TASK INSTRUCTIONS:
Each line in the material below, starting at the one that contains "This paper investigates" and ending at the one that contains "Anello in oro", should be repeated exactly; the pictures should not.

DATASET CONTENT:

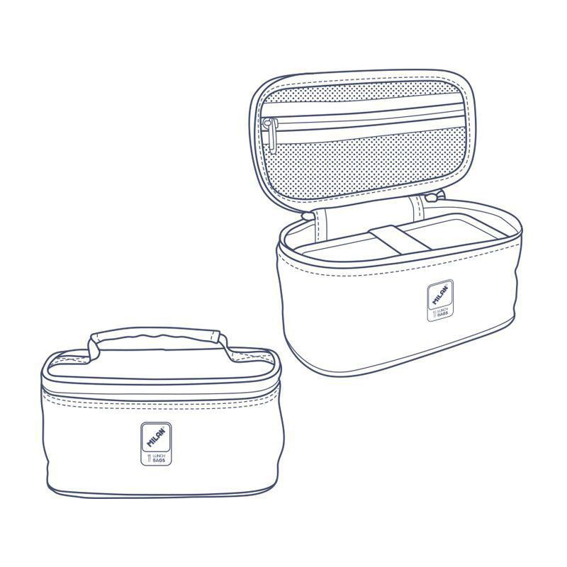 Izotermická taška na potraviny so zapínaním na suchý zips. Obsahuje:- dva hermetické plastové boxy so skrutkovacím vekom a objemom 0,25 L Tepelne izolovaný interiér (studený/teplý) pre lepšie uchovanie potravín.Horná rukoväťs prackou umožňuje tašku pripnúť / odopnúť. Textilné zloženie: polyuretánová vonkajšia tkanina a izotermická vnútorná podšívka (PEVA).Desiatové boxy sú zo zdravotne nezávadného PVC bez BPA. Objem: 3,5 litra
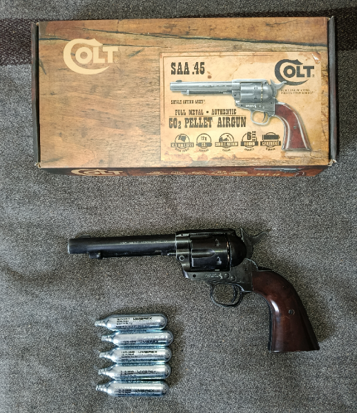 Angeboten wird ein UMAREX Legends Colt Single Action Army SAA CO2 Revolver im Kaliber 4,5mm. Hier in der Ausführung mit gezogenem Lauf für Diabolos (Art. 5.8320)
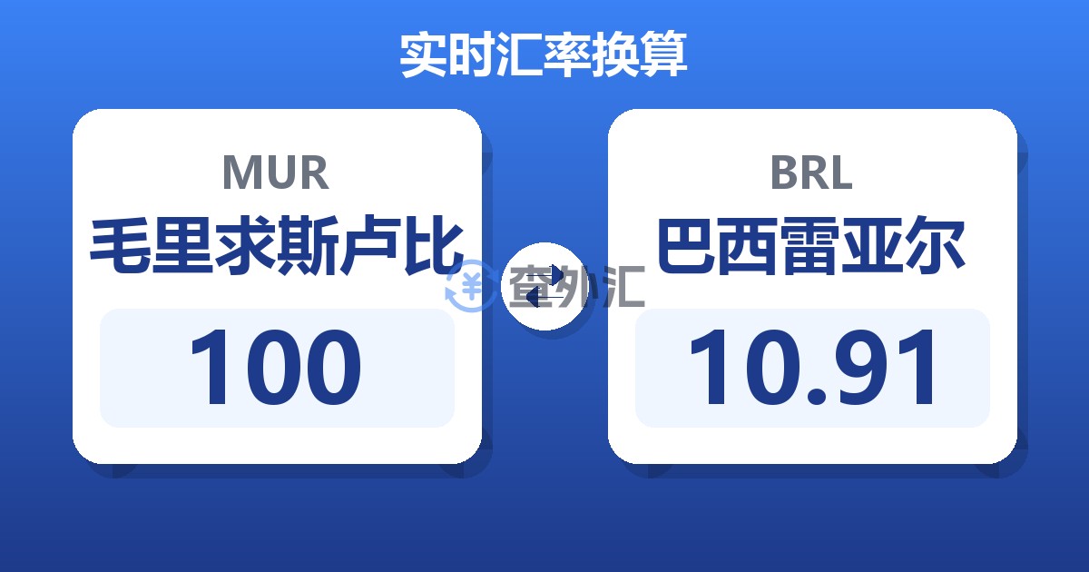 100 毛里求斯卢比 (MUR) = 10.95 巴西雷亚尔 (BRL)
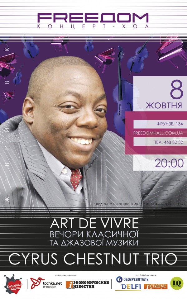 Трио Сайруса Честната в рамках вечеров классической и джазовой музыки «Art de Vivre» состоится 8 октября 2011, 20:00, суббота в Freedom Hall. С помощью сервиса internet-bilet.ua, Вы сможете с легкостью забронировать, заказать и купить билеты на интересующий Вас концерт, спектакль, оперу, балет, мастер-классы, спортивные и детские мероприятия, оплатив их самым удобным для Вас способом: через интернет банковской картой VISA/MasterCard, наличными или курьером, если сделаете заказ билета c доставкой.
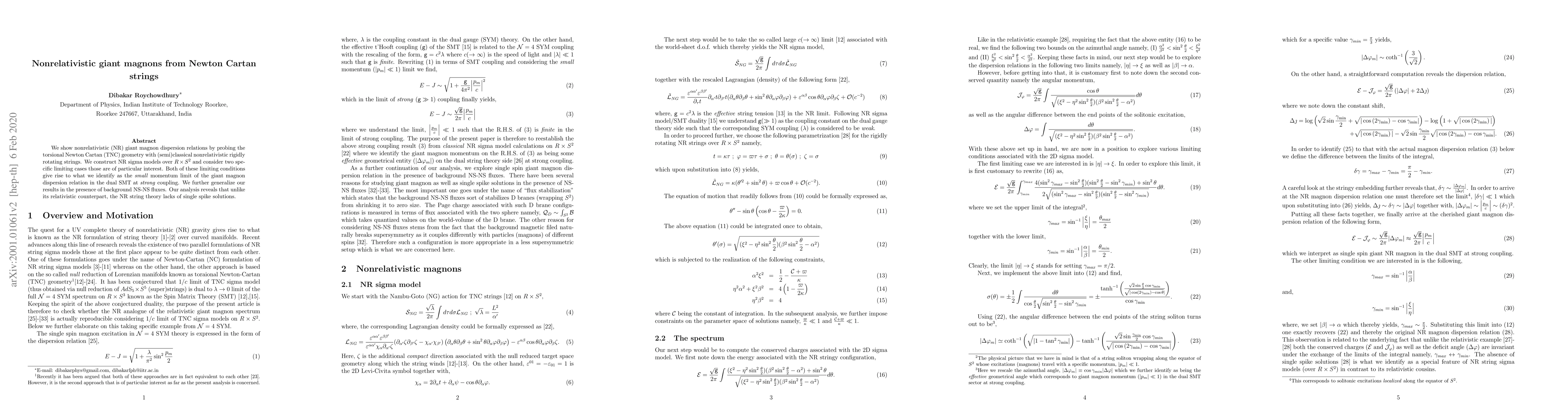 This paper investigates nonrelativistic giant magnons through torsional Newton Cartan geometry using semiclassical nonrelativistic strings. It constructs nonrelativistic sigma models and finds that unlike relativistic strings, nonrelativistic strings lack single spike solutions, even in the small momentum limit.
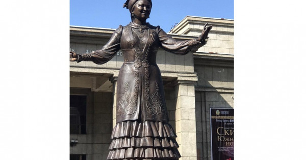 Qazaq ónerine qaıtalanbas iz qaldyrǵan tarıhı tulǵanyń eskertkishi kompozısııalyq sheshiminiń shymyrlyǵymen kóz tartady. Qola jáne granıtten jasalǵan eskertkishtiń bıiktigi – 4,8 metr. Avtorlary – D.Aǵzamov, Ý.Aqjoltaı, A.Jamhan, A.Qabyl. Úlken shyǵarmashylyq órleýdiń izi baıqalatyn talantty músinshilerdiń týyndysynda kúlimdegen júzine búrmeli kóılegi men oıýly beshpenti, úlpildegen úkili taqııasy jarasqan kúmis kómeı ánshi dál osy sát sahnada «Ah, Samara gorodok» ánin syzylta salyp turǵandaı áser qaldyrady. Tastuǵyrdyń ústinen tutas bir dáýirdiń ulttyq beınesi tónip turǵandaı. Sahnany serik etken sanaly ǵumyrynda qazaqtyń ulttyq kıimi men sán-saltanatyn nasıhattap ótken ultjandy ánshiniń obrazynan kúlli halqymyzdyń bolmysy men ómir saltynyń ańǵarylyp turýy – bıik sheberliktiń jemisi. Ásem Almatynyń árin kirgizgen ánshi músini jıyrmadan astam jobanyń ishinen úzdik dep tanylyp, ashyq baıqaý nátıjesinde tańdalyp alynǵan.
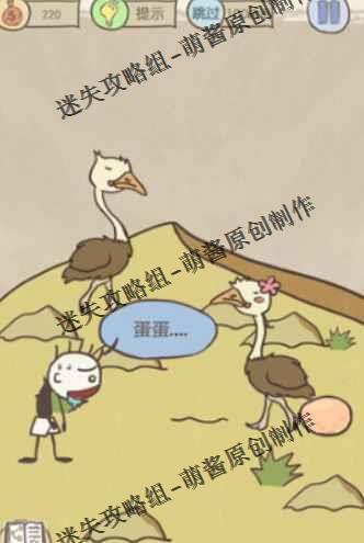 为了帮助主角顺利吃到鸵鸟蛋,我们需要用上一些工具,各位看见主角上方的沙坑没,将沙坑点开,接着拖动主角将主角移开,会发现里面有把铲子,再将铲子拖动到守着鸵鸟蛋的鸵鸟面前,挖个沙坑,鸵鸟就会把头埋进沙坑里,这样主角就能吃到眼前的鸵鸟蛋了。
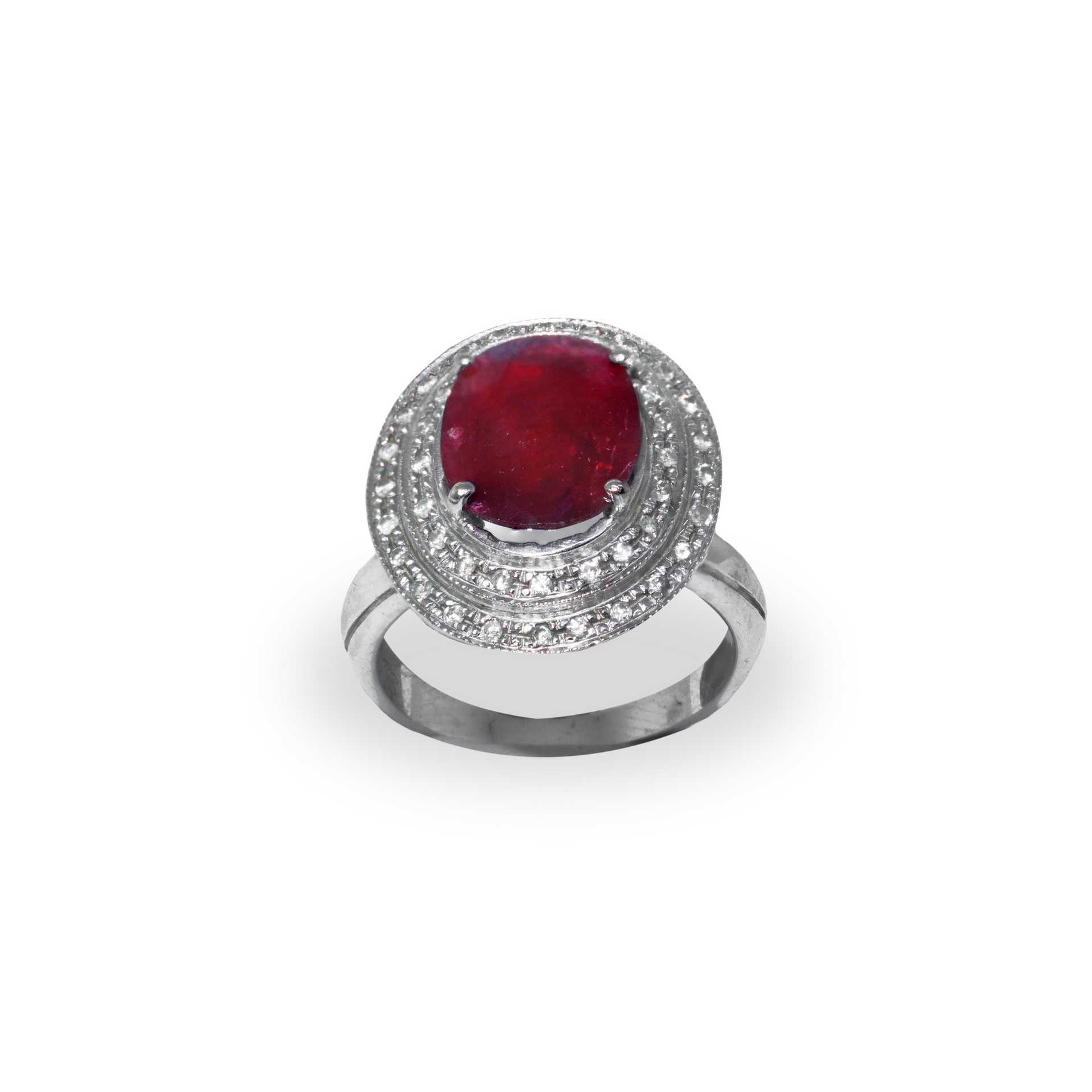 Anello in oro bianco 750 con rubino naturale non trattato 4,5 kt e brillanti
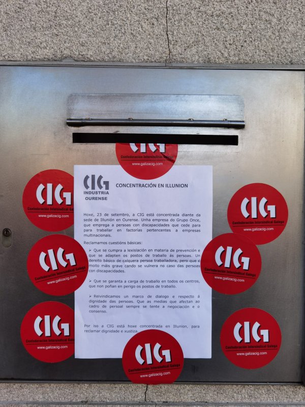 Persoal de Ilunion, centro especial de emprego do grupo ONCE, mobilizouse hoxe en Ourense xunto a delegados/as da CIG-Industria para rexeitar os abusos laborais por parte da empresa, despois de que tivesen que acudir ao xulgado para que a dirección dese marcha atrás na súa intención de recortar os pluses e os complementos “sen negociar nin dar sequera explicacións”.
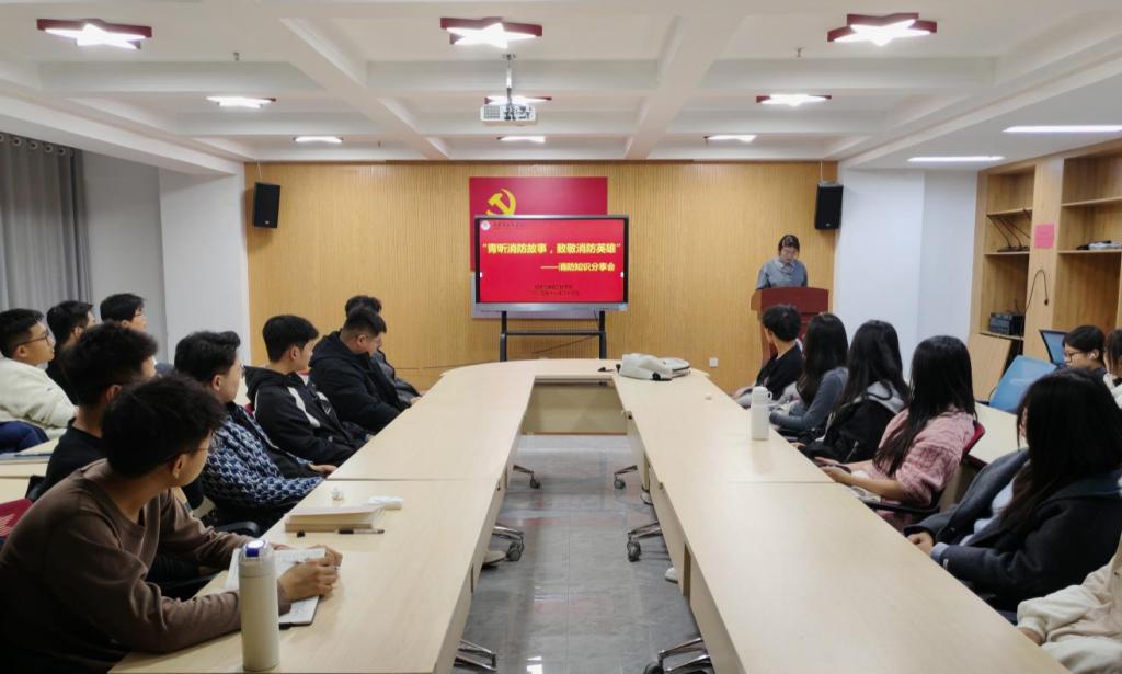 活动现场,学生代表通过PPT直观演示,从火灾预防的关键环节、初期火灾的科学扑救方法,到紧急疏散时的逃生技巧、常用消防器材的规范操作流程,讲解内容详实全面、条理清晰。随后,4名同学结合生活场景分享消防注意事项,围绕宿舍合规用电、实验室危险品规范存放、外出时消防通道识别等高频场景展开细致讲解,让抽象的安全知识变得鲜活具体。在交流感悟环节,学生代表纷纷表达对消防“逆行英雄”的崇敬之情。
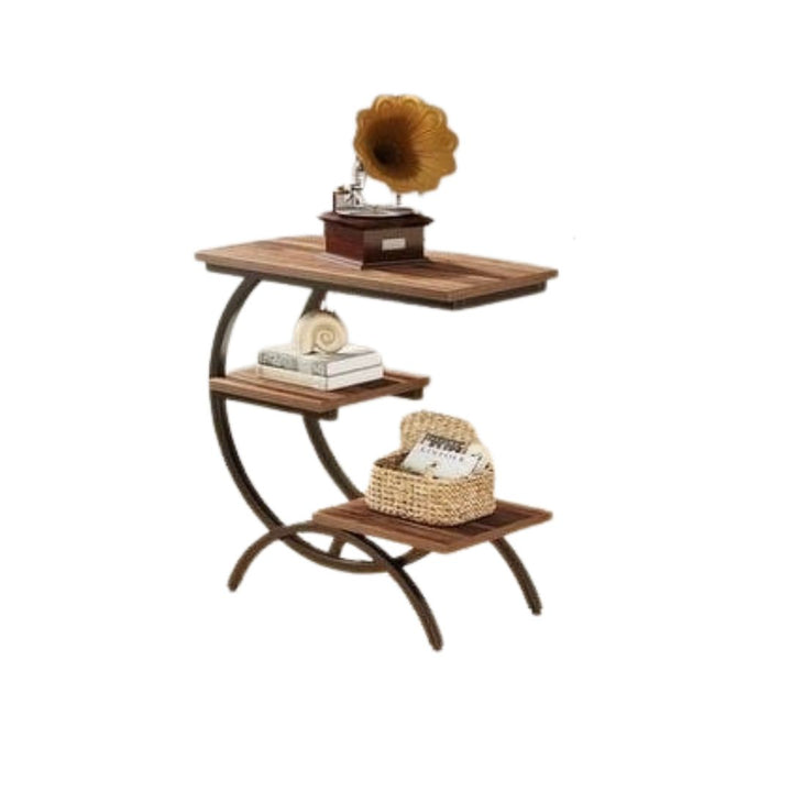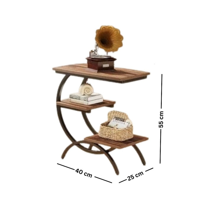ترابيزة جانبية معدنية بسطح خشبي – تصميم عصري أنيق
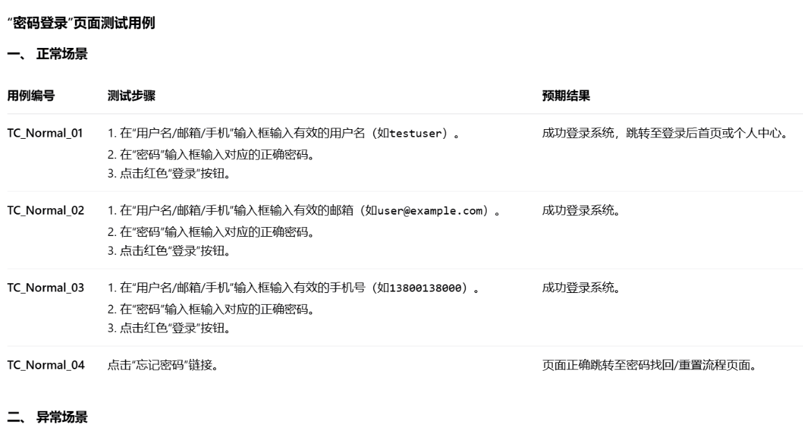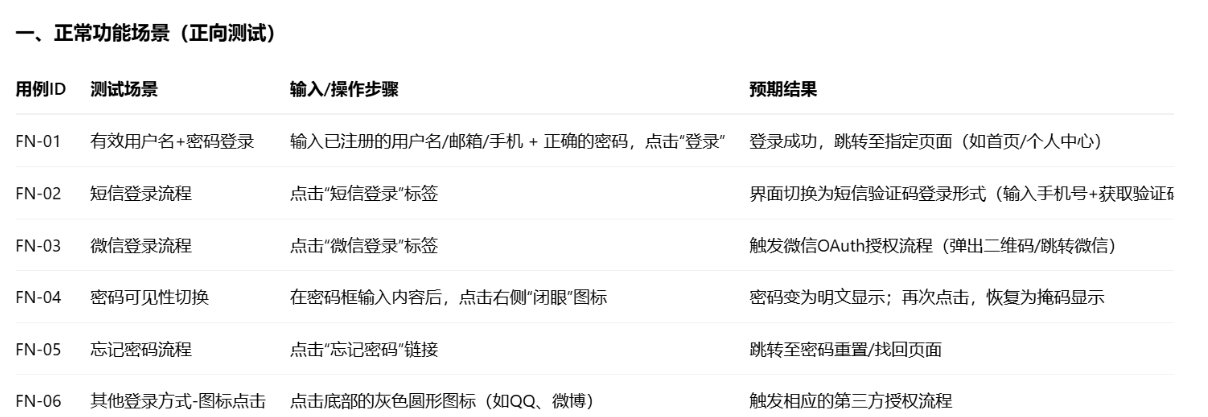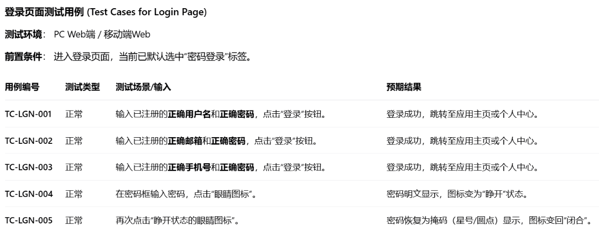 请基于该登录页面,生成测试用例,包含正常、异常和边界场景。
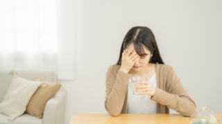 季節の変わり目は自律神経が乱れてめまいや頭痛、不眠や痛みなどの症状が起こりやすいです。そんなときは当院に相談ください。悩んでいる女性の画像を載せています。
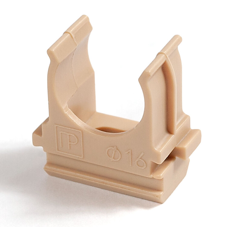 Предназначена для крепления гладких труб ПВХ или гофрированных труб одного диаметра к поверхности стен, потолков, полов или перегородок. Для монтажа предусмотрено технологическое отверстие под дюбель или саморез. Для удобства блочного монтажа состыковываются друг с другом с помощью специальных фиксаторов типа «ласточкин хвост».

EXPECTED ANSWER:
 This paper investigates nonrelativistic giant magnons through torsional Newton Cartan geometry using semiclassical nonrelativistic strings. It constructs nonrelativistic sigma models and finds that unlike relativistic strings, nonrelativistic strings lack single spike solutions, even in the small momentum limit.
 Qazaq ónerine qaıtalanbas iz qaldyrǵan tarıhı tulǵanyń eskertkishi kompozısııalyq sheshiminiń shymyrlyǵymen kóz tartady. Qola jáne granıtten jasalǵan eskertkishtiń bıiktigi – 4,8 metr. Avtorlary – D.Aǵzamov, Ý.Aqjoltaı, A.Jamhan, A.Qabyl. Úlken shyǵarmashylyq órleýdiń izi baıqalatyn talantty músinshilerdiń týyndysynda kúlimdegen júzine búrmeli kóılegi men oıýly beshpenti, úlpildegen úkili taqııasy jarasqan kúmis kómeı ánshi dál osy sát sahnada «Ah, Samara gorodok» ánin syzylta salyp turǵandaı áser qaldyrady. Tastuǵyrdyń ústinen tutas bir dáýirdiń ulttyq beınesi tónip turǵandaı. Sahnany serik etken sanaly ǵumyrynda qazaqtyń ulttyq kıimi men sán-saltanatyn nasıhattap ótken ultjandy ánshiniń obrazynan kúlli halqymyzdyń bolmysy men ómir saltynyń ańǵarylyp turýy – bıik sheberliktiń jemisi. Ásem Almatynyń árin kirgizgen ánshi músini jıyrmadan astam jobanyń ishinen úzdik dep tanylyp, ashyq baıqaý nátıjesinde tańdalyp alynǵan.
 为了帮助主角顺利吃到鸵鸟蛋,我们需要用上一些工具,各位看见主角上方的沙坑没,将沙坑点开,接着拖动主角将主角移开,会发现里面有把铲子,再将铲子拖动到守着鸵鸟蛋的鸵鸟面前,挖个沙坑,鸵鸟就会把头埋进沙坑里,这样主角就能吃到眼前的鸵鸟蛋了。
 Anello in oro bianco 750 con rubino naturale non trattato 4,5 kt e brillanti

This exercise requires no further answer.